McColl's Collapse and Rescue​

By Jake Rickman​
What do you need to know this week?

McColl’s Retail Group — a British convenience shop and newsagent — finally succumbed to its long struggle with solvency when the British high street convenience shop and newsagent was placed into administration last Friday.

But, before the ink was dry on the court application, two high-profile bids on the distressed company were announced in short succession: first by petrol station and food retailer EG Group, and second by supermarket giant WM Morrisons.

On Monday, WM Morrisons announced that its bid was successful: it would acquire McColl’s through a “pre-pack” in administration.

Why is this important for your interviews?

Like the collapse of Debenhams before it, McColl’s has been closely watched by investors, creditors, and key stakeholders such as its 16,000 employees, whose pension liabilities in the company are valued at more than £15m. Studying McColl’s collapse and subsequent rescue is a great way to demonstrate to your interviewer a foundational understanding of insolvency and distressed acquisitions.
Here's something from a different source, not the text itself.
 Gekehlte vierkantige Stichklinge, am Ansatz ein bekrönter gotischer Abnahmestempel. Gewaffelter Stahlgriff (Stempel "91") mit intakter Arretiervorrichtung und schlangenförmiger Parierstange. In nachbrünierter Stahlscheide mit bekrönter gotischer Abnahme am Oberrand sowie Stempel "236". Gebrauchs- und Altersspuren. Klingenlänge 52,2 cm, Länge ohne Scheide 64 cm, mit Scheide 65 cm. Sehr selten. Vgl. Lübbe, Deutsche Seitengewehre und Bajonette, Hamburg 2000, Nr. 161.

To start, an administration is one of a few ways a company unable to meet its obligations initiates formal insolvency proceedings. Upon successful application to the court, the directors cease to run the company. An insolvency professional called an 'administrator' is appointed to manage the company on behalf of lenders, employees, and other key stakeholders. In McColl’s case, the administrator was PwC.
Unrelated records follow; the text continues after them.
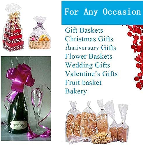 - Crystal Transparent: The celephane basket wrap will bring a professional look to your gifts. Perfect for flower shop to wrap bouquets as Valentine’s Day gifts, and anniversary presents.
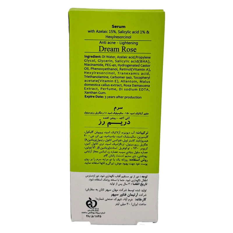 ترکیبات سرم آنتی آکنه و روشن کننده دریم رز
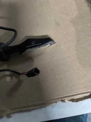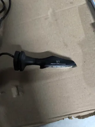 Intermitentes de la marca Ducati Performance, instalados en Monster 1200 2017. Diseño aerodinámico y elegante. - Logo de Ducati grabado. - Acabado en negro mate.
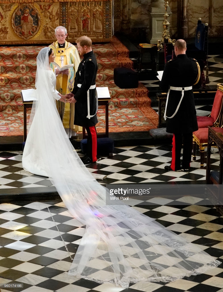 Givenchy’s artistic director, and the designer of her wedding gown, Claire Waight Keller, designed a veil “representing the distinctive flora of each Commonwealth country united in one spectacular floral composition.”
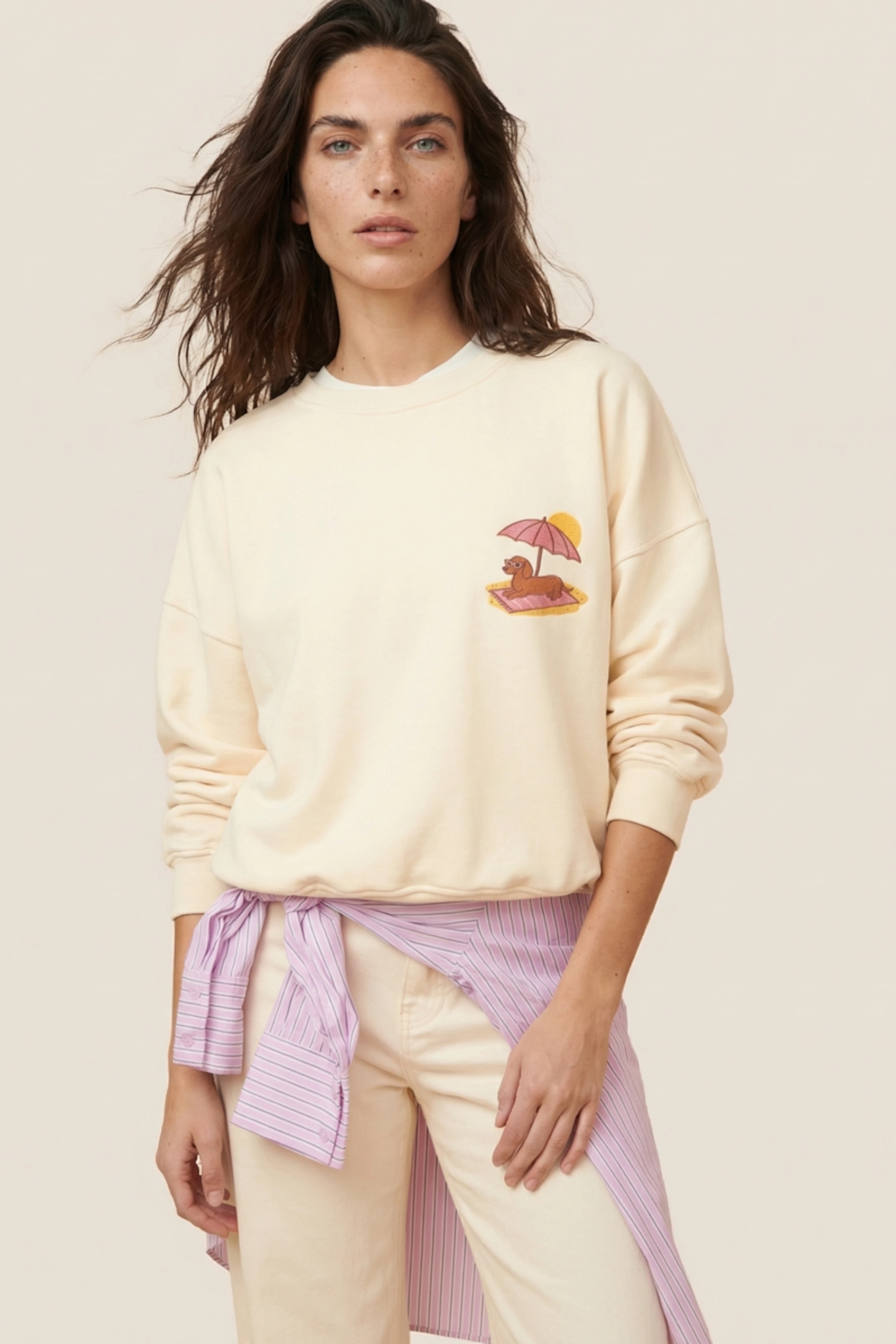 Ce sweat se mariera parfaitement avec un jean mom et des sneakers blanches pour un look décontracté estival. • Sweat coupe droite • Manches longues • Imprimé ludique • Col rond • Poignets côtelés

Provided there is no outside rescue, the administrator will work with creditors to sell off the company’s assets. The proceeds will then be distributed to creditors according to the order of priority.

However, in McColl’s case, Morrisons had been eyeing McColl’s long before its administration was announced. Morrisons had been working in partnership with McColl’s, licensing its brand and inventory to McColl’s to allow it to sell its products as if it were a Morrisons outlet in 270 outlets. Though there were early signs of success, McColl's was unable to reach an agreement with its lenders to refinance £145m worth of bank debt.

Morrisons was McColl’s biggest unsecured creditor at the time of its administration, with the bulk of its debt tied up in food and grocery inventory. The fact that Morrisons was an unsecured creditor meant that it was unlikely to recover most of its money after the secured lenders were repaid

While the full details of the pre-pack have not yet been released, the law exists to encourage pre-packs so that stakeholders can avoid a costly administration. Morrisons likely acquired McColl’s at a discount relative to the underlying value. Proceeds of the sale will go pay off the secured bank lenders.

How is this topic relevant to law firms?

From a legal perspective, pre-packs usually involve restructuring, M&A, and financial sponsors/private equity practice groups. Employment and tax lawyers will also advise on the pension and employment contract aspects of the deal, which in this will be significant.

Ashurst is advising Morrisons on its acquisition. McColl’s and the various bank lenders including Barclays and HSBC will each be advised by their legal team.